As part of an effort to ensure compatibility across multiple distributions of Hadoop, ODPi, a non-profit consortium led by many application providers, today released the ODPi Runtime Specification and associated test suite.
John Mertic, director of ODPi, says the goal is to give IT organizations a mechanism for making sure that various distributions of Hadoop don’t wind up introducing dependencies that lock them into a particular Hadoop implementation. Backed by Hortonworks, IBM, GE and the Pivotal arm of EMC, Mertic says ODPi is designed to complement the effort of the Apache Software Foundation that is charged with developing the raw bits that make up Hadoop and related open source projects such as YARN and HDFS.
While not every vendor agrees that ODPi is necessary, how and where distributors of Hadoop add value is an ongoing industry debate. Based on version 2.7 of Apache Hadoop, the ODPi Runtime Specification is part of the ODPi Core reference specification. At present, over 25 vendors and IT service providers are supporting ODPi.

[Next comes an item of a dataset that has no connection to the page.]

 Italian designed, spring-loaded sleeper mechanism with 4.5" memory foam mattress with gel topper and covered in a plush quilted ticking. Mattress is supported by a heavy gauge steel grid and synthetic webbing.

The specification itself is not designed to limit Hadoop innovation as much as provide a structured way to introduce those innovations without locking customers into a particular distribution. To that end, the published specification also includes rules and guidelines on how to incorporate additional, non-breaking features, which are allowed, provided source code is made available via the relevant Apache community.

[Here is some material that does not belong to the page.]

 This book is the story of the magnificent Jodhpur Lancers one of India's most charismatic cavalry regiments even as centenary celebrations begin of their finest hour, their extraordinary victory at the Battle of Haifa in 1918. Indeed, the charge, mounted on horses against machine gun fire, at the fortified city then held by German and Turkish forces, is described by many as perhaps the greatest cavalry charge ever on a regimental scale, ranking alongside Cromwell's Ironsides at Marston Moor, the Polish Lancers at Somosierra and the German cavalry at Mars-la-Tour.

ODPi is also working on specification of installation and management tools. For example, an Operations Specification covers Apache Ambari, the ASF project for provisioning, managing and monitoring Apache Hadoop clusters.
It may be too early to say to what degree any provider of a distribution of Hadoop is trying to lock in customers. But given the history of enterprise IT, many IT organizations would most likely prefer to be safe than sorry.